Quotes related to James 1:2-4
Even inside an incarnational worldview, we grow by passing beyond some perfect order, through a usually painful and seemingly unnecessary disorder, to an enlightened reorder or "resurrection." This is the "pattern that connects" and solidifies our relationship with everything around us.
— Fr. Richard Rohr
Final authority in the spiritual world does not tend to come from any kind of agenda success but from some kind of suffering. Insecurity and impermanence are the best spiritual teachers.
— Fr. Richard Rohr
On a man's journey, everything has its place. Our failures, heartbreaks, defeats, and victories; our wounds, dreams, and passions; our stops and our starts-all have a place in our story, and all have a place in our transformation from shadow men to real men. Everything has meaning, and everything belongs.
— Fr. Richard Rohr
Do not be shocked, but I suspect some priests' and ministers' moral failures are actually very helpful to their own "salvation" and necessary for their growing up.
— Fr. Richard Rohr
I would like to describe how this message of falling down and moving up is, in fact, the most counter-intuitive message in most of the world's religions, including and most especially Christianity. We grow spiritually much more by doing it wrong than by doing it right.
— Fr.
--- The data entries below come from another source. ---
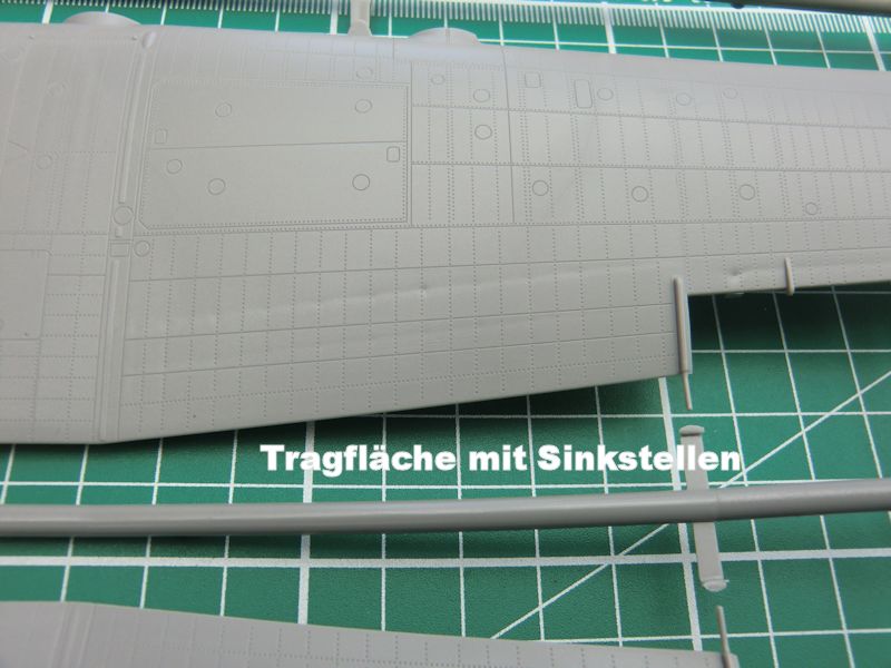 Für die bessere Stabilität der Tragfläche werden zwei stabile Holme eingezogen. Die Landeklappen können alternativ ausgefahren angeklebt werden. Für die Ruder gibt es Teile mit scharfen Hinterkanten. Da hat Revell eine gute Lösung gefunden. Leider gilt das nicht für die Querruder. Die Fahrwerksschächte sind ordentlich mittels vorbildgerechter Strukturen detailliert. Hier hilft zusätzlich eine detaillierte Bemalung. Die Fahrwerksbeine sind sehr gelungen und das Reifenprofil gefällt mir. Das Gleiche gilt für das Heckfahrwerk.
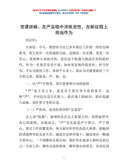 / 党课讲稿:在严实稳中淬炼党性,在新征程上担当作为
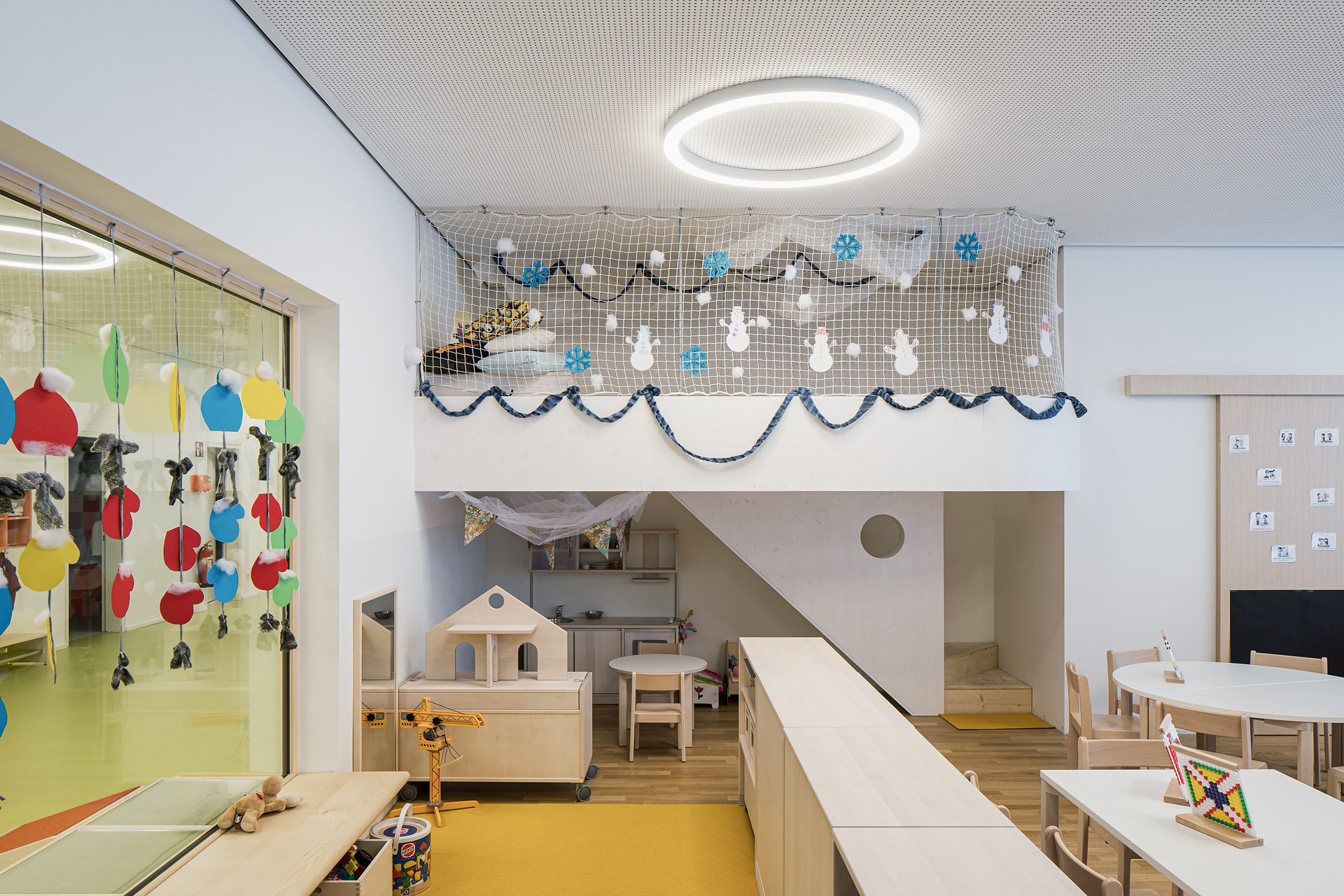 Der Freiraum zwischen Alt- und Neubauten wurde als „Dorfplatz“ neu gestaltet. In der auf zwei Ebenen liegenden, durch Stiegen und Rampen verbundenen, parkartigen Fläche können sich die Bewohner:innen treffen und auch die Aktivitäten der Kindergartenkinder miterleben. (Text: Claudia Wedekind)
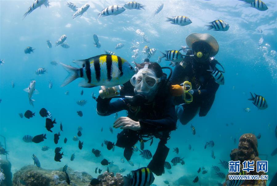 游客在分界洲岛海域体验潜水(2019年7月20日摄)。新华社记者 杨冠宇 摄

Richard Rohr
We are parts of social and family ecosystems that are rightly structured to keep us from falling but also, more important, to show us how to fall and also how to learn from that very falling
— Fr. Richard Rohr
True transcendence always includes the previous stages and does not dismiss them or punish them, as most reforms and revolutions have done in history. This is true reconciliation, healing or forgiveness and always characterizes mature believers. They afterward seem to thank God for the pain and the trial. good
— Fr. Richard Rohr
Three steps forward, two steps back.
— Fr. Richard Rohr
you learn how to recover from falling by falling! It is precisely by falling off the bike many times that you eventually learn what the balance feels like. The skater pushing both right and left eventually goes where he or she wants to go. People who have never allowed themselves to fall are actually off balance, while not realizing it at all. That is why they are so hard to live with.
— Fr. Richard Rohr
Going somewhere good means having to go through and with the bad, and being unable to hold ourselves above it or apart from it.
— Fr. Richard Rohr
I suppose there is no more counterintuitive spiritual idea than the possibility that God might actually use and find necessary what we fear, avoid, deny, and deem unworthy. This is what I mean by the "integration of the negative." Yet I believe this is the core of Jesus's revolutionary Good News, Paul's deep experience, and the central insight that Francis and Clare lived out with such simple elegance.
— Fr. Richard Rohr
Perhaps the greatest paradox of the spiritual journey is this: wisdom and love do not come from success but from continuing failure.